There was some great news on December 10th, as President Obama added his signature to the Every Student Succeeds Act of 2015 (ESSA), now officially the law of the land. ESSA is a reauthorization of the five-decades-old Early and Secondary Education (ESEA) Act of 1965.

The President had pushed for ESSA’s passage before the calendar turned to another year, seeing the bill as a way to address gaps in the No Child Left Behind Act of 2001. The administration explained what needed to be remedied as follows: “The goals of No Child Left Behind were the right goals: Making a promise to educate every child with an excellent teacher. That’s the right thing to do, that’s the right goal. Higher standards are right. Accountability is right … but what hasn’t worked is denying teachers, schools and states what they need to meet these goals.”

Seeking social justice and equity in education, a cadre of community-based organizations worked tirelessly to help get this act passed. This included the Promise Neighborhoods Institute at PolicyLink.

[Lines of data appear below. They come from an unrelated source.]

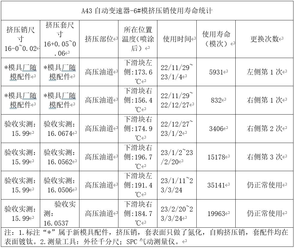 1)下“表4”是自動變速器左箱體模具擠壓銷的運用情況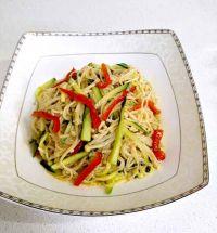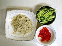 3.金针菇捞出后过凉水沥干;黄瓜切丝,红椒切丝。
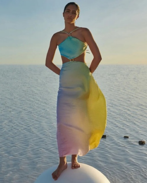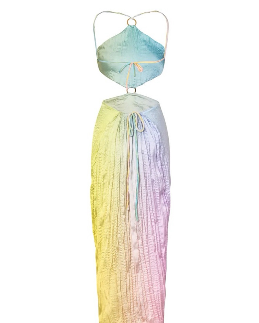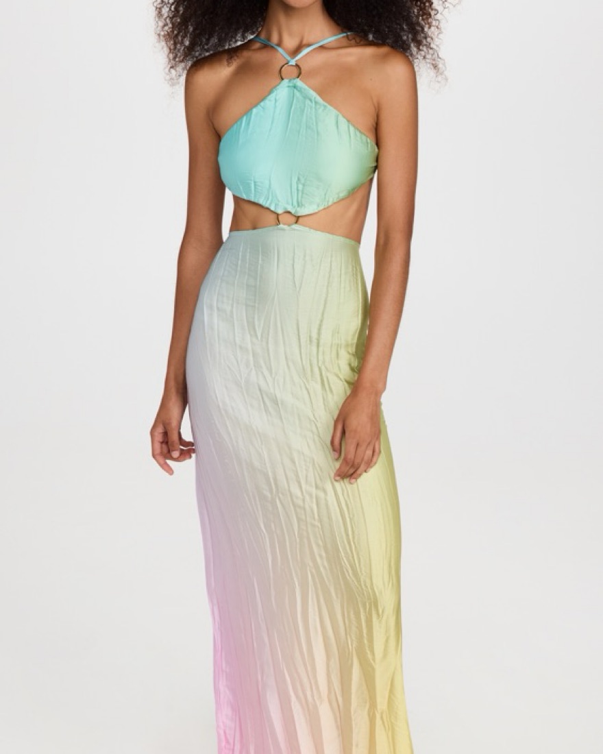 Vibrant ombre maxi dress with cut outs. Note that the cut out is a little uneven, so I had to add a safety pin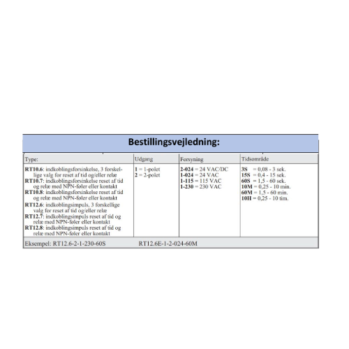 RT12.6 indkoblingsimpuls,3 forskellige valg for reset af tid og/eller relæ

Of ESSA’s 1,061 pages, these specific items pertain the most to the continuing work of Promise Neighborhoods:
• Ongoing funding of existing Promise Neighborhoods (based on performance to date).
• Establishing the Promise Neighborhoods program as a pipeline of services to foster academic achievement for students from underresourced communities.
• Requiring support of existing Promise Neighborhoods, with regards to planning, implementation and evaluation.
• Support for full-service community schools that improve access services for students residing in low-income communities.
• A mandate that three Promise Neighborhoods grants be awarded annually, based on availability of funds, by the Secretary of the Department of Education.

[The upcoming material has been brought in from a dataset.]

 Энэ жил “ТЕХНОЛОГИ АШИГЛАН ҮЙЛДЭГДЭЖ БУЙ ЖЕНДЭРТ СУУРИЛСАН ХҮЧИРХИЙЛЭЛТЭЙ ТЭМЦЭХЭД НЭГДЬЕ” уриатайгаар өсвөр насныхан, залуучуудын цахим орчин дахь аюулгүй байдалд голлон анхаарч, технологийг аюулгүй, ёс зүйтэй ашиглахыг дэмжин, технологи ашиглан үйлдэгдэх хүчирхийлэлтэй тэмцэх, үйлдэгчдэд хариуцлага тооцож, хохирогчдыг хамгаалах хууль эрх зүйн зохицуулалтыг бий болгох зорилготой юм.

As director of the Mission Promise Neighborhood (MPN), I understand the significance of ESSA’s passage. This is exciting news for all Promise Neighborhoods, as they are now being given the continued opportunity to make long-term impacts in our communities. The Mission Promise Neighborhood, now well into its third year, is starting to see improved family economic success. This is translating to student academic achievement and a college-going culture being created in homes throughout the Mission District of San Francisco.

The MPN team, community partners and our families thank all who worked for the passage of ESSA–a bill that is vital to promoting social equity across the nation.

Read the full ESSA Act.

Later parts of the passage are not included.